The TV report further said Cohen will set out what Israel believes are core components to which the Iranian regime would have to commit under the terms of any resumed version of the Joint Comprehensive Plan of Action (JCPOA). Netanyahu publicly lobbied the Obama administration in vain against the deal, successfully encouraged president Donald Trump to withdraw from it, and has urged Biden to reconsider his declared intention to rejoin it.

Then-US Vice President Joe Biden listens as President Barack Obama delivers remarks in the East Room of the White House in Washington, July 14, 2015, after a nuclear deal is reached with Iran. (AP Photo/Andrew Harnik, Pool)

Were the US nonetheless move to rejoin the nuclear deal, Cohen will present the following demands that Israel’s government believes must be incorporated, Channel 12 said: That Iran must halt the enriching of uranium; stop producing advanced centrifuges; cease supporting terror groups, foremost Lebanon’s Hezbollah; end its military presence in Iraq, Syria and Yemen; stop terror activity against Israeli targets overseas; and grant full access to the IAEA on all aspects of its nuclear program.

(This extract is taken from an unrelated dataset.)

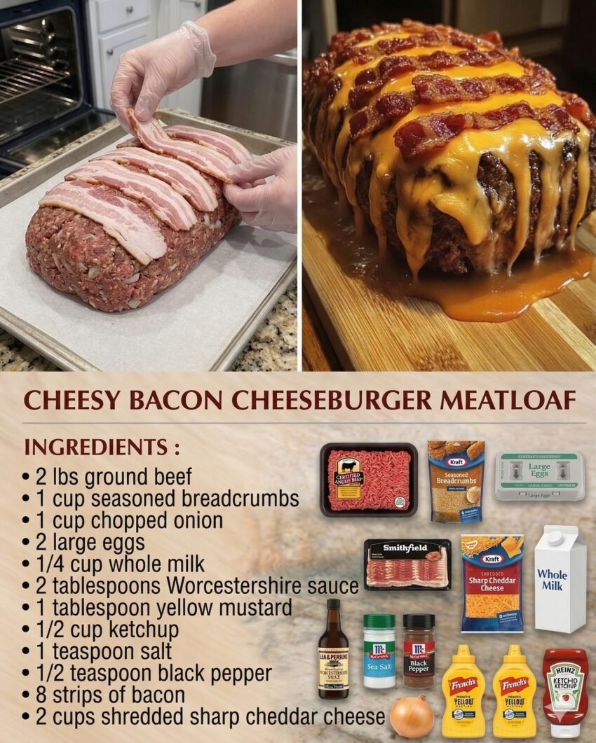 Here’s a mouthwatering recipe for Cheesy Bacon Cheeseburger Meatloaf—a perfect comfort food that combines juicy ground beef, melted cheese, and smoky bacon.

Israel fears a revived deal under which Iran will be able to both continue enriching uranium and be granted financial relief that will enable the Islamist regime to repair the economy, the TV report said. It did not name sources for the story, but cited “messages” conveyed between the Biden administration and Israel.

Cohen has led the Mossad for the past five years, including overseeing the Mossad operation that smuggled a trove of material from a warehouse in Tehran documenting the regime’s rogue nuclear program, which was in place before the 2015 nuclear deal with world powers went into effect. Netanyahu revealed the haul in April 2018, and declared that it proved “Iran lied” when denying it was working toward the bomb.

Cohen was in the US earlier this month, for a farewell meeting with secretary of state Mike Pompeo.

(L-R) Secretary of State Mike Pompeo, Susan Pompeo, Aya Cohen and Mossad Director Yossi Cohen, January 15, 2021. (State Department/Twitter)

Congratulating Biden on taking office on Wednesday, Netanyahu urged the new US president to work with Israel to confront “the threat posed by Iran.”

Biden’s nominee for secretary of state, Antony Blinken, said at a confirmation hearing on Tuesday that the administration would consult with Israel and other allies before a return to the 2015 deal.